Defensibility Index methodology

How the ArrowISE Defensibility Index is computed from arrangement state and physician status. Plain-English equivalent of the computeDefensibilityIndex function.

v1.0 · reviewed 2026-05-06

Why we don’t ask an LLM to interpret Stark Law

The Defensibility Index is computed by a deterministic rule engine. Given the same arrangement inputs evaluated against the same regulatory rules, the engine produces the same score with the same audit trail every time.
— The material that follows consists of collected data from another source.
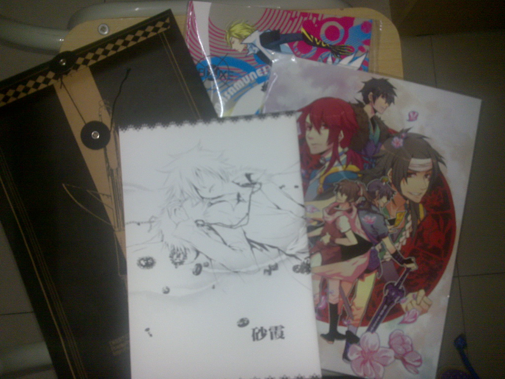 Rem君的本子《绝密情报》我……无耻地承认了自己被周边诱惑了。 因为这是本临帝而我基本上还是……帝临的。但是江户设定的车票夹可萌,档案袋和PVC卡神马的也萌。 本子本体的话……作为帝临的人来说觉得没怎么被雷到还有点小萌因为觉得有点帝临味道之类的话是不是有点失礼OTZZZ||||| 仙剑那本《生男恶》走得欢乐向,基本上我觉得不过不失吧,谈不上特别萌,但是画风什么的不错所以也不觉得亏。 但是人物形象真有点微妙,封面的重楼我好久才确定是,而星璇和思堂……真的不是拉面穿越吗?! 小十政的《DELUXE masamune!!》的话,又是意料之外的惊喜><! 之前买过这个作者的《我的心里有鬼》,觉得很萌,所以这次看到有寄卖就收了她的既刊。本来以为欢乐向的感觉会一般(这个人笑点奇怪),但是真的翻阅以后觉得这简直是直击萌点! 无论是前面的小十郎x政宗(*2)还是后面的佐助和幸村(*2)都欢乐极了ww对我来说这算是这次展上最超值的本子之一? 最后就是Rui君(或许叫初代目更亲切些?笑)的6927本了。 说句实话《砂霞》宣传的时候其实我看到过……但那时候一来已经不太买家教本了,二来……虽然有点失礼但是实话,初代目你的本子封面太朴素了不是那种会让人第一眼注意到的类型啊TvT明明你的彩图很棒的! 拿到本子的时候先是草率地翻了一遍,封面的手感很棒。等到故事阅读完毕的时候我觉得我的萌点跟虐点被一并戳中了><! 明明就是很棒的本子明明黑暗又治愈(?)的6927神马的可美可是为啥居然会没多少人repo这本?!我觉得可萌了就像之前DRRR的合志我去找来看的时候也觉得初代目自己的脚本最对我的胃口…… 接下来是一点其他的东西。
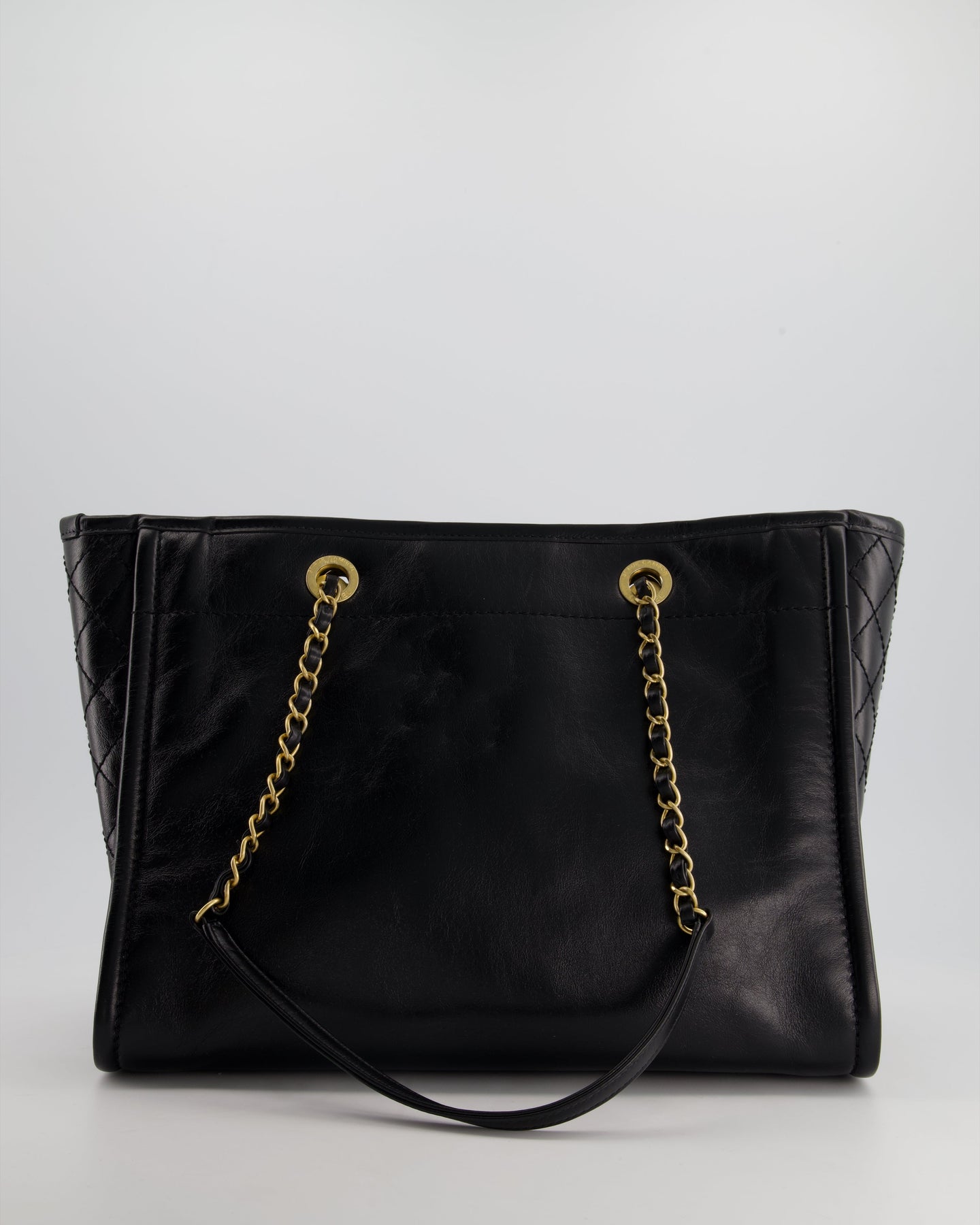 Chanel Black Small Deauville Tote Bag in Shiny Calfskin Leather with Antique Gold  Hardware and Pearl, Crystal Logo Detail
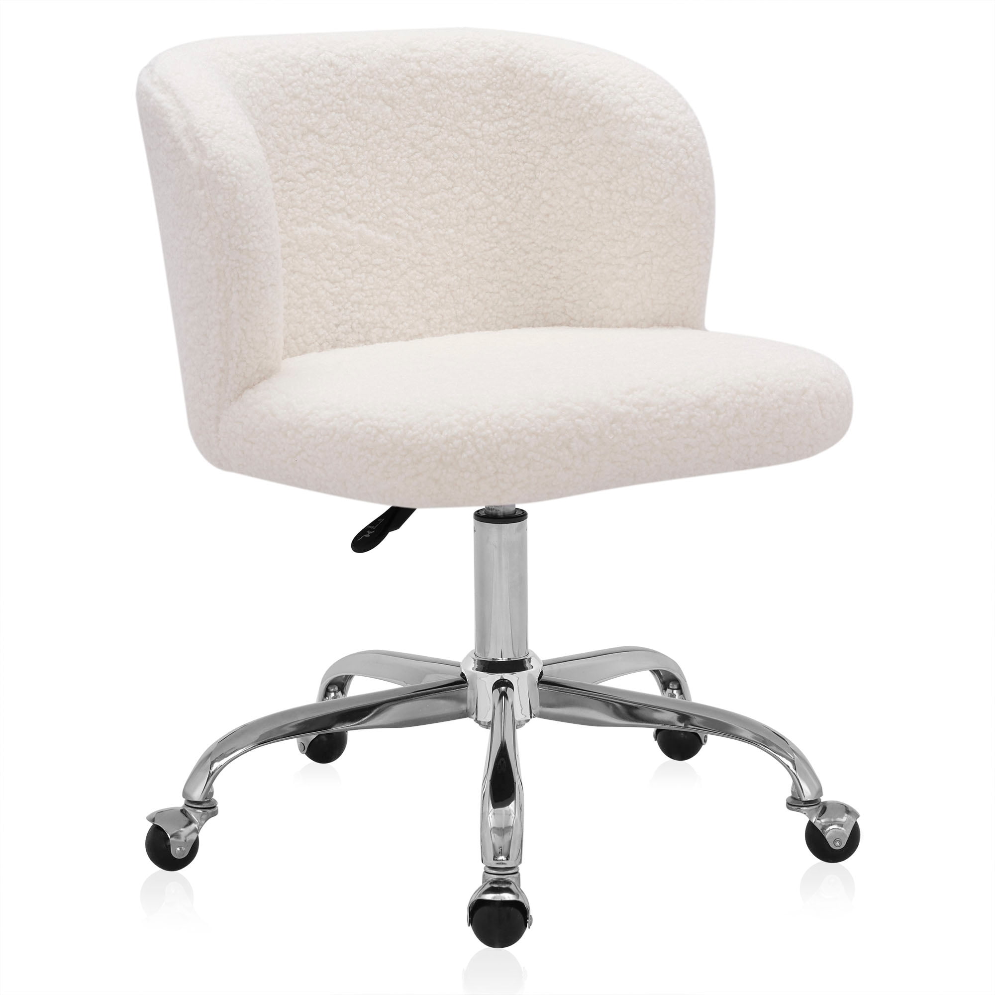Belleze Modern Upholstered Boucle Desk Chair With Swivel Wheels And Adjustable Height Decorative Rolling Office Or Vanity Stylish Comfy Aston White Walmart Com
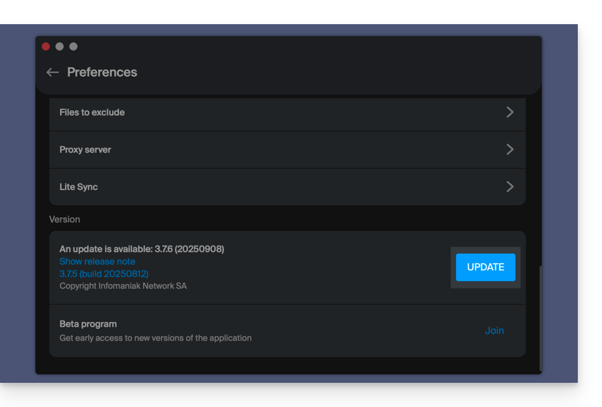 Aktualisieren Sie die kDrive-App auf Ihrem Computer
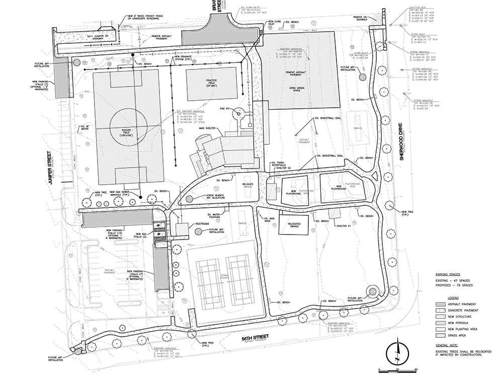 The three-part proposal will add permanent restrooms, art sculptures, additional greenspace, and shade structures to the park—including a pavilion that can house 36 to 48 people. The plan also includes modifications to Juniper Street, sewer/storm drainage work, and surfacing paths so they are accessible for all.
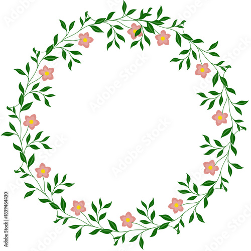 © Khrystyna Turchyn, Naklejka premium Delicate pink floral wreath vector frame with green leaves on white background
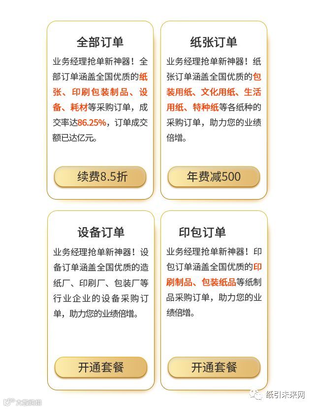 1、在”纸引未来网“开通行情通、订单通、广告通任意一种套餐服务,即可参与抽奖;
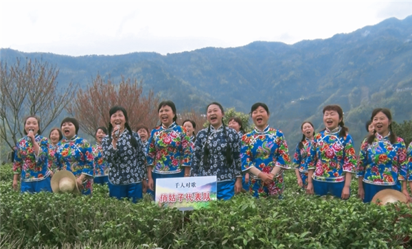 茶園里滿目蒼翠,茶香四溢,紫陽(yáng)民歌愛(ài)好者們穿行在茶園間,紛紛擺開(kāi)架勢(shì),唱起動(dòng)聽(tīng)的紫陽(yáng)民歌,你方唱罷我來(lái)和,一唱一和,歌聲或深情款款、緩慢抒情,或節(jié)奏激昂、互不相讓,一時(shí)間,動(dòng)聽(tīng)的歌聲此起彼伏,訴說(shuō)著紫陽(yáng)悠久的民俗和茶文化,圍觀的群眾也不由自主地加入其中,鼓掌歡呼,在一片歡歌笑語(yǔ)中將現(xiàn)場(chǎng)氛圍推向高潮。第一次參與對(duì)歌的周瑞莉表示,以前只是在舞臺(tái)下聽(tīng)過(guò)紫陽(yáng)民歌,而今天親身參與千人對(duì)唱,覺(jué)得特別的高興、特別震撼,自己要多學(xué)幾首紫陽(yáng)民歌,也希望更多的朋友來(lái)學(xué)習(xí)傳揚(yáng)紫陽(yáng)民歌。
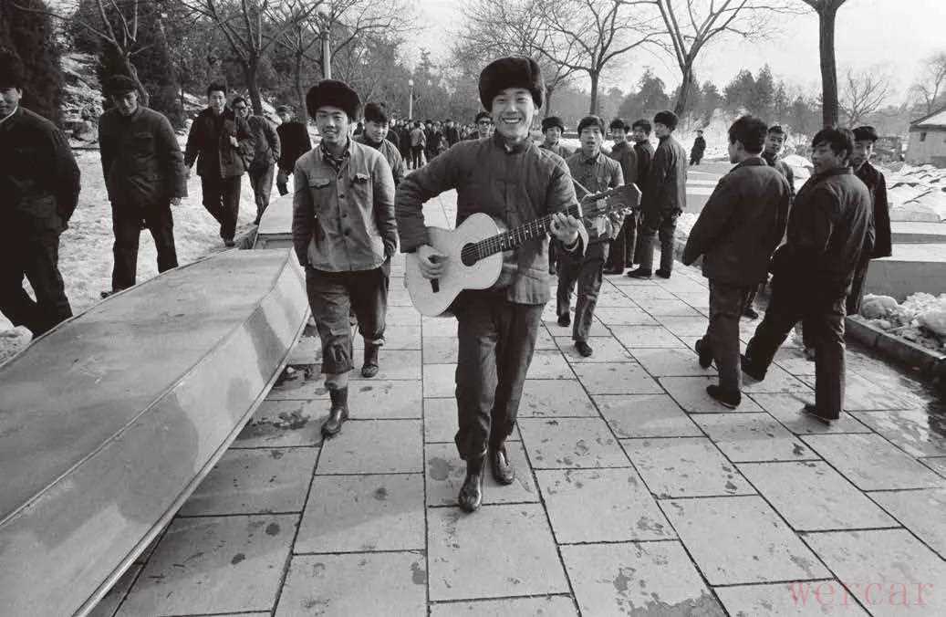 1979年,3月,在北京街头弹奏吉他的少年。不久之后,他们这一代人中间将诞生出中国第一代摇滚歌手。
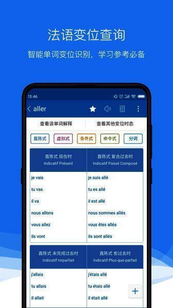 3.法语动词变位查询,提供18种时态动词变位的反向查找功能;
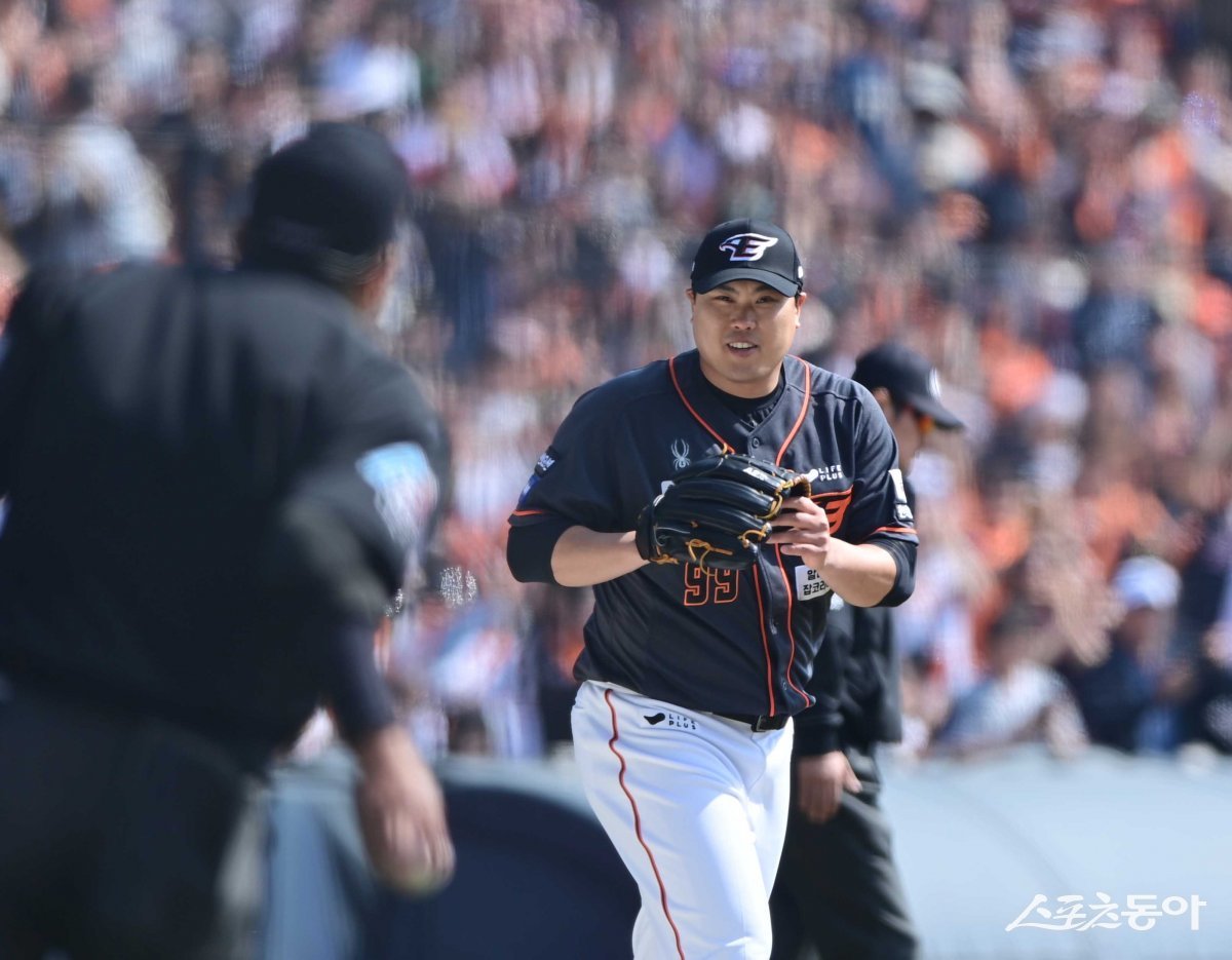 23일 서울 잠실야구장에서 열린 ‘2024 신한 SOL 뱅크 KBO리그’ LG 트윈스와 한화 이글스의 경기에서 선발 투수로 마운드에 오르는 한화 류현진이 미소 짓고 있다.

This is the architectural choice that defines what the rest of this methodology rests on, and it deserves to be stated explicitly rather than buried in implementation notes.

The architectural choice

There are two general patterns available for compliance software in 2026. The first is large language model (LLM) document analysis: upload an agreement, ask the model to assess it against Stark Law or AKS criteria, receive a generated answer with citations and a confidence score. The second is deterministic rule engine validation: encode the regulatory elements as structured rules, validate arrangement data against each element, produce a pass / fail / indeterminate result for every element with a reproducible audit trail.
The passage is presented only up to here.